Health saving accounts allow you to invest in stocks, bonds, and mutual funds, as well as to make current bill payments. The funds in the HSA can be used to pay for qualified medical expenses, including co-payments, deductibles, and treatment of chronic illness.
The funds in an HSA can also be used to pay for other qualified medical expenses, such as a spouse’s qualified medical expenses. You cannot use a health savings account to pay for non-qualified medical expenses, such as cosmetic surgery.
In order to take a medical deduction, you must itemize your deductions. You must also be able to prove that the expense is not reimbursed or included in your other itemized deductions.
The IRS publishes a list of eligible medical expenses. Some of the items on the list include co-insurance, insurance premiums, and transportation to health care.

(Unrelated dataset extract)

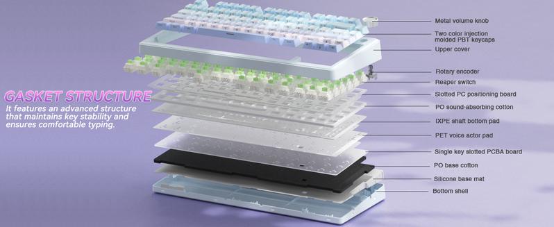 - Superior Structure Creamy Keyboard: SOLAKAKA thocky keyboard features a gasket mount structure. This structure consists of a PCB single-key slotting process, IXPE shaft bottom pad, PET voice actor pad, silicone base mat, PO sound-absorbing cotton and PO base cotton. This can eliminate the cavity sounds and noise inside the gaming keyboard, delivering a creamy keystroke sound and a soft hand feel

Despite the fact that there are a lot of deductible expenses on the list, the IRS does not guarantee that you will be able to deduct each and every expense. If you have substantial medical expenses, however, you may be able to take a tax deduction. You can only claim a tax deduction for medical expenses that exceed a certain percentage of your adjusted gross income. For example, if your income is $100,000, you will be able to claim only $7,500 in deductions.
Other medical expenses that are not eligible for a tax deduction include cosmetic surgery, nicotine patches, toiletries, dental work, and non-prescription medications. For more information, visit the IRS website.
If you are a self-employed individual, you can qualify for a tax deduction for your medical expenses. The amount of your deduction will depend on your income and the number of itemized deductions you are claiming.
In addition, you can save on your medical expenses by making contributions to a health savings account (HSA). These contributions are tax-deductible. You can use the funds in the HSA to pay for qualified medical expenses, including deductibles, treatment of chronic illness, and medical conferences.